At the same time, a small startup in Sweden was hard at work trying to expand their original Penumbra tech demo into a series of full fledged episodic horror games. The Penumbra Collection would be the ultimate result of that effort, with Linux support being provided by Edward Rudd. It would even go on to have its first instalment included as part of the original Humble Indie Bundle. The game soon caught my eye due to its strong graphics and advanced physics engine.

I have never been one to be frightened by video games, but thanks to its skilful environmental storytelling, strong writing, and accomplished vocal talent, the Penumbra Collection got its hooks into me all the same. Frictional Games would go on to even greater acclaim with the release of Amnesia: The Dark Descent only a few months after I first played, but it is the Penumbra Collection that is always going to hold a special place in my heart.
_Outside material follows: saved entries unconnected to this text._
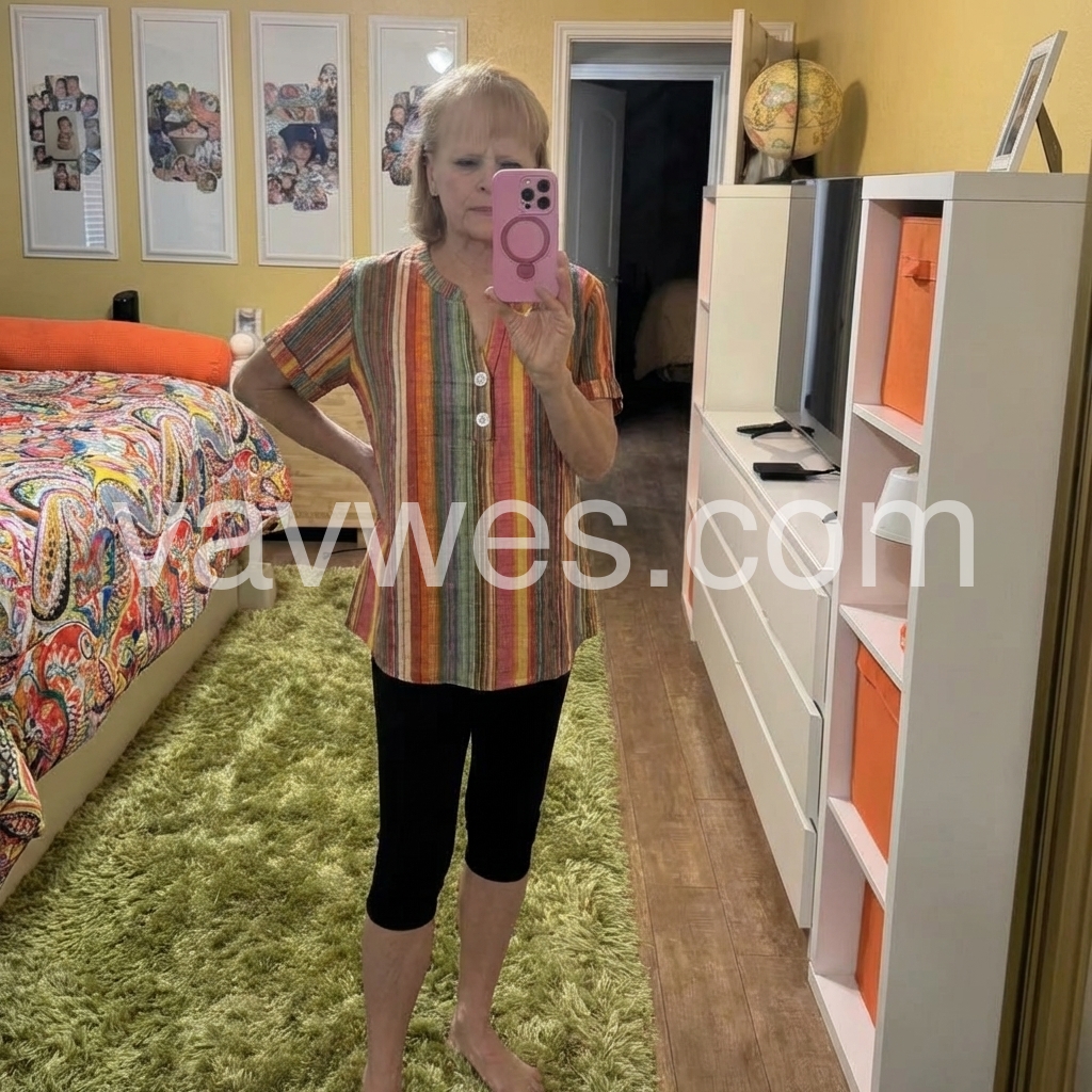 I absolutely love the colors on this top! The vertical stripes are very flattering and give it a fun, retro vibe. It fits true to size and is incredibly comfortable for everyday wear. Highly recommend!
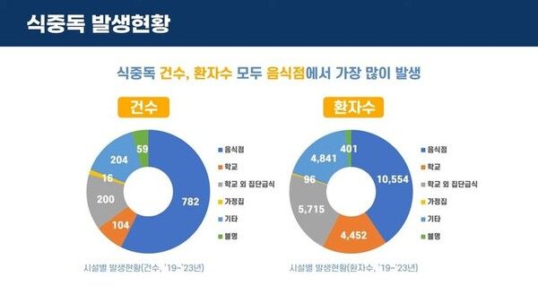 뉴시스 보도에 따르면, 24일 식품의약품안전처에 따르면 식중독은 코로나19 발생 이후 감소하다가 2021년 부터 발생 건수 및 환자 수가 증가하고 있다. 최근에는 음식점, 학교 외 집단 급식, 학교 순으로 많이 발생한 것으로 나타났다.
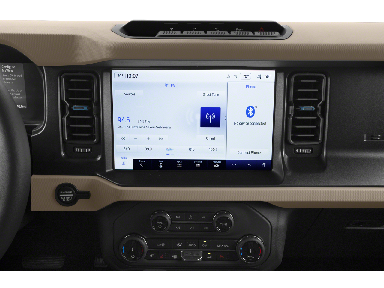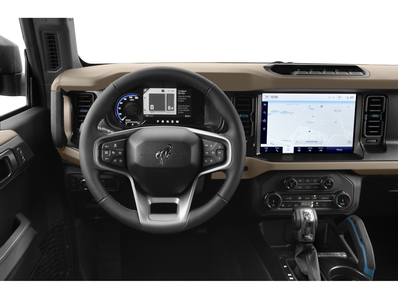 EQUIPMENT GROUP 354A LUX PACKAGE 2 Smart Charging USB Ports In Dashboard, 1 A and 1 C, 12 LCD Capacitive Touchscreen w/Swipe Capability, Evasive Steering Assist, Heated Steering Wheel, Adaptive Cruise Control, Additional Sound Deadening, Information on Demand Panel, Wireless Charging Pad, Radio: B&O Sound System by Bang & Olufsen, 10 speakers including subwoofer, Front Parking Sensors, 360-Degree Camera, Universal Garage Door Opener, Sideview Mirrors, LED approach lamps and LED spotlight, Connected Built-In Navigation, 3 years of service, pinch-to-zoom capability, live traffic, predictive destinations and route guidance, Navigation service requires SYNC4 and FordPass Connect, complimentary connect service and the FordPass app (see FordPass Terms for details), Customer receives a, MEDIUM SANDSTONE W/BLACK, HEATED LEATHER-TRIMMED/VINYL BUCKET SEATS 10-way power driver seat, 8-way front passenger seat and second row armrest w/2 beverage holders, FRONT & REAR FLOOR LINERS W/O CARPET FLOOR MATS Custom accessory, pre-installed, Deletes standard carpet front and rear floor mats, TRANSMISSION: 10-SPEED AUTOMATIC trail control, trail turn assist and trail one-pedal driving (STD).
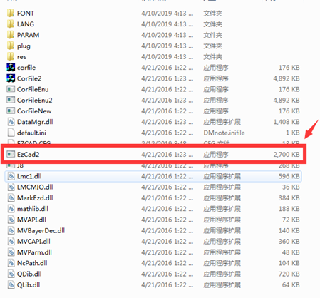 Dentro de la carpeta que copiaste en el escritorio, hay una subcarpeta que tiene nombre EZCAD 2.9 0 2.14, ingresa a la carpeta con doble clic y luego busca el achivo EZCAD2.exe
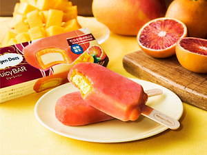 ハーゲンダッツ(Häagen-Dazs)のジューシーバー「マンゴー&ブラッドオレンジ」は、香り高くトロピカルな味わいのアルフォンソマンゴーを使ったマンゴーアイスクリーム。やわらかな食感のマンゴー果肉と、色鮮やかで酸味のあるブラッドオレンジ果汁の2層でコーティングしている。
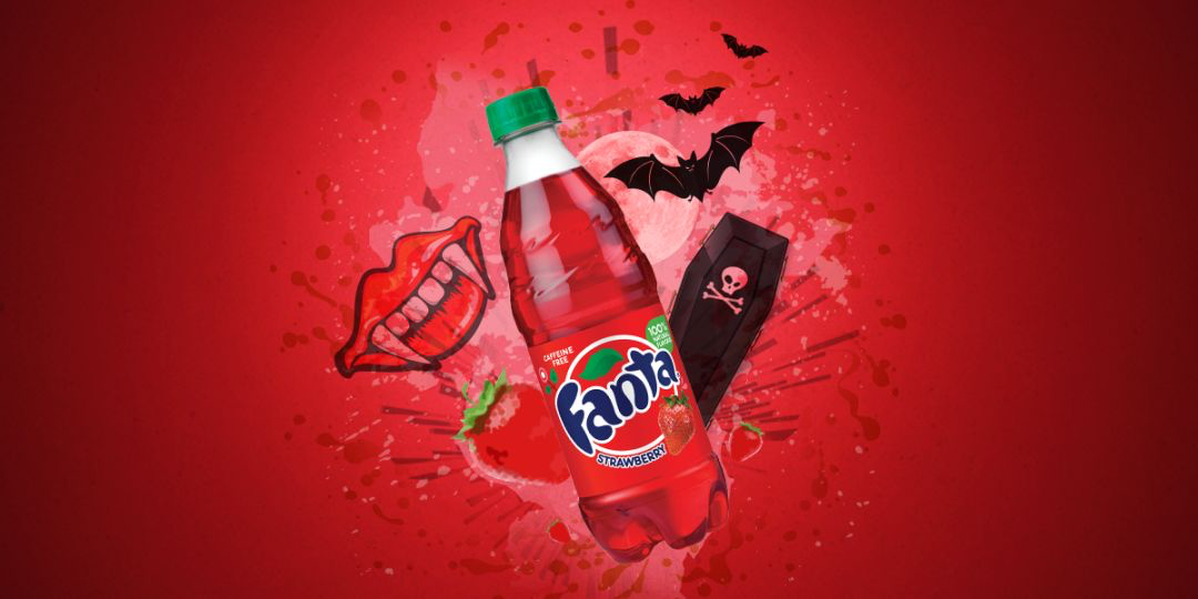 而芬达自己也很擅长迎合泰国人民的“养鬼”文化,在官网上贴出把红色芬达和蝙蝠、吸血鬼等“鬼文化”相关元素融合起来的宣传图。
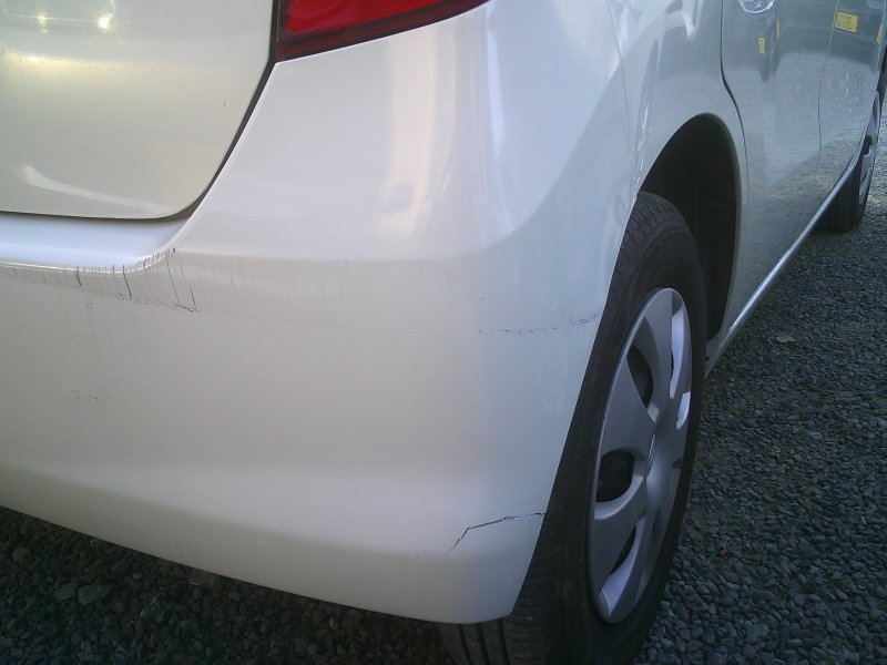 お客様よりお車を拝見させていただいたところ、リヤバンパーの角部分に比較的深い擦り傷と、一部にへこみが確認されました。

It pains me to say then, in spite of the still excellent support that Frictional Games gives to our platform, that the state of the Penumbra Collection for a number of Linux users has become such a mess. Ten years on I found myself with little option other than running my old copy of the Penumbra Collection from the now defunct Desura service; the closure of the company’s own storefront leaving no other recourse for those wishing to avoid the use of Steam.

Regardless, the version of the game that I have (1.1.1 released on December 4, 2014) appears even now to be the most recent release of the Penumbra Collection. This includes a number of much appreciated quality of life improvements over earlier versions such as offering support for more modern display resolutions, better audio handling through the use of an improved OALWrapper, and everything being reworked to run on top of SDL2.

 

At first blush the game installed and ran great, right up until I tried to leave the fishing boat at the start of the first episode in the series Penumbra: Overture. Upon attempting to load the next level the game would immediately crash to the desktop; a similar problem occurred upon using the vice at the start of the second episode Penumbra: Black Plague. It did not take long for me to discover that the solution was to build a custom Mesa package yet again.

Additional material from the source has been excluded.